Roy Smith

Personal information
- Full name: Roy Alexander Smith Lewis
- Date of birth: 19 April 1990 (age 36)
- Place of birth: Puerto Limón, Costa Rica
- Height: 1.84 m (6 ft 0 in)
- Position: Centre-back

Senior career*
- Years: Team / Apps / (Gls)
- 2007–2011: Brujas / 53 / (0)
- 2011: Orión / 13 / (0)
- 2012: Gainare Tottori / 6 / (0)
- 2013: The Strongest / 12 / (1)
- 2013–2014: CS Uruguay / 27 / (0)
- 2014–2015: Santos de Guápiles / 43 / (0)
- 2016: Cartaginés / 14 / (0)
- 2016–2018: Honduras Progreso / 72 / (4)
- 2018: Marathón / 12 / (0)
- 2019: Honduras Progreso / 29 / (0)
- 2020–2021: Limón / 47 / (1)

International career
- 2010: Costa Rica / 2 / (0)

= Roy Smith (footballer, born 1990) =

Costa Rican association football player

Roy Alexander Smith Lewis (born 19 April 1990) is a Costa Rican professional footballer who plays as a centre-back.

==Club career==
Smith started his career at Brujas and had a spell at Orión. He then moved abroad to play for Japanese second division side Gainare Tottori in 2012, where he was joined by compatriot Kenny Cunningham and in January 2013 Bolivian champions The Strongest announced Smith's arrival at the club, with Cunningham again joining him. He scored his first goal for The Strongest in March 2013 against Oriente Petrolero.

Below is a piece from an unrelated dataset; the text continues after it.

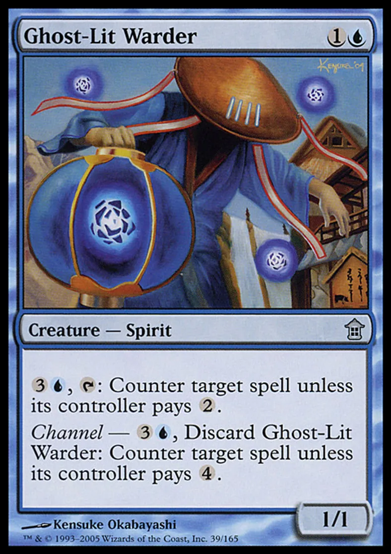 | Oracle Text | {{3}}{{u}}, {{t}}: Counter target spell unless its controller pays {{2}}. Channel — {{3}}{{u}}, Discard Ghost-Lit Warder: Counter target spell unless its controller pays {{4}}. | ||

He returned to Costa Rica and made his debut for Uruguay in August 2013 against Cartaginés He moved to Santos de Guápiles in summer 2014.

==International career==
Smith played at the 2007 FIFA U-17 World Cup and in the 2009 FIFA U-20 World Cup, where the Costa Rica national under-20 football team, came 4th after losing to Hungary in the match for the 3rd place.

He made his senior debut for Costa Rica in an October 2010 friendly match against Peru and won his second cap, as of November 2014, a few days later against El Salvador.